おはようございます。

  相変わらず雲の多い晴れの朝、気温は27.2℃と高めです。

 

 

 

 大通りに面した実家。

 その前にある空き地。今日はその空き地にあった家のお話です。

 

 この街の高校は、街を挟んで駅と反対側にある。列車で通学する生徒は、駅から大通りを通って高校まで行く。自転車で通学する生徒も大通りを通ることもある。だから朝や夕方は学生服やセーラー服を着た生徒が多く見受けられる。そんな大通りに、私の実家はあった。

 

 私の実家は通り沿いの片隅を写真屋さんに貸していた。右隣は三味線の駒造りをされる店、左隣は小間物屋さんと裏で豆腐を作る店だった。大通りを挟んで向かい側には印鑑屋さんや駄菓子屋さんがあった。そしてほぼ正面には小さな薬局があった。いや薬店だったかもしてない。とりあえずここでは薬局としておこう。風邪薬や湿布薬などが並べられていた。店の中には小さな小窓があり、そこに店主が座っていた。店主が独り身だったかどうか、またお子さんがいたかどうかはわからない。私はほとんど家族と思われる方を見たことがないからだ。齢五十代ではなかろうか。こんな小さな薬局ではやっていけたのだろうかと今は思える。でも後年薬局を閉じた後に、近所に家を建てて住まれていたので、それなりに資産はあったのだろう。

 

 押川先生の日課の一つに、午後四時ごろになると店の前に腕組みをして立たれていた。下校する高校生の安全を見守られていたのか、それとも店の中に居るのが飽きたのか、その理由はわからない。天気さえ許せば、毎日でも店の前に立たれていた。その押川先生の前を徒歩や自転車に乗った高校生が通り過ぎていく。別段挨拶をするわけでもないが、先生はそれをじっと見ていた。

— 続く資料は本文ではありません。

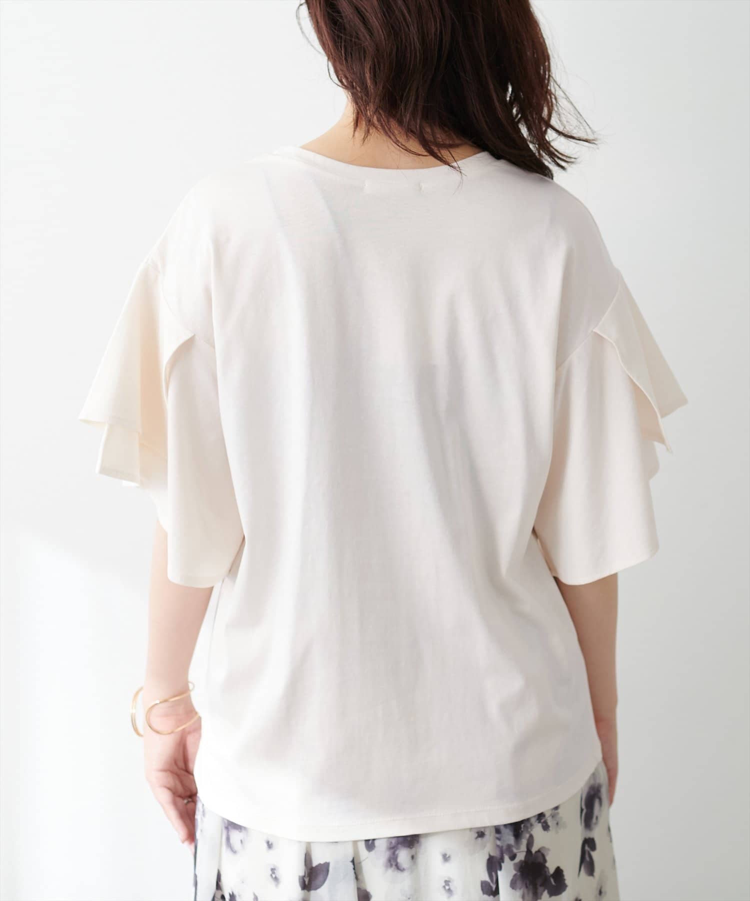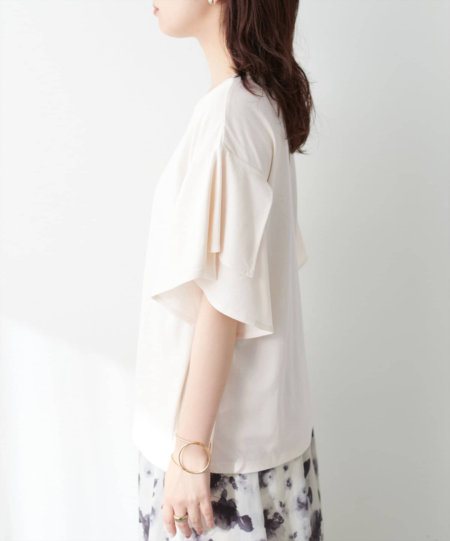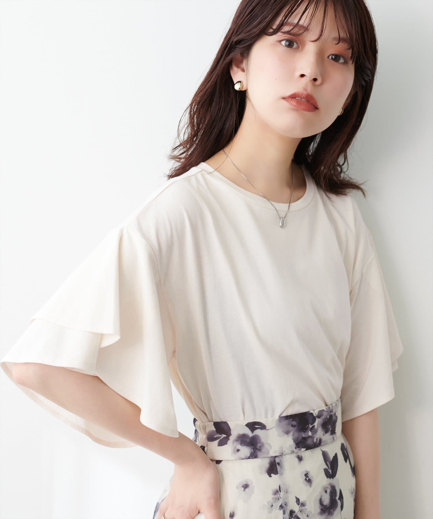 シンプルなカットソーにデザイン性をプラスしてフェミニンに仕上げた1着。

 私は小さい頃に、その腕にぶら下がったりして遊んでもらった記憶がある。先に述べたように押川先生には家族の匂いが無かったので、私を孫のように感じられたいたのかもしれない。

 そんな押川先生もやがて店を畳み、近所で静かに余生を過ごしたようだ。そして先生がいつ亡くなったのはか私は知らない。

 

 

 という昭和のお話でした。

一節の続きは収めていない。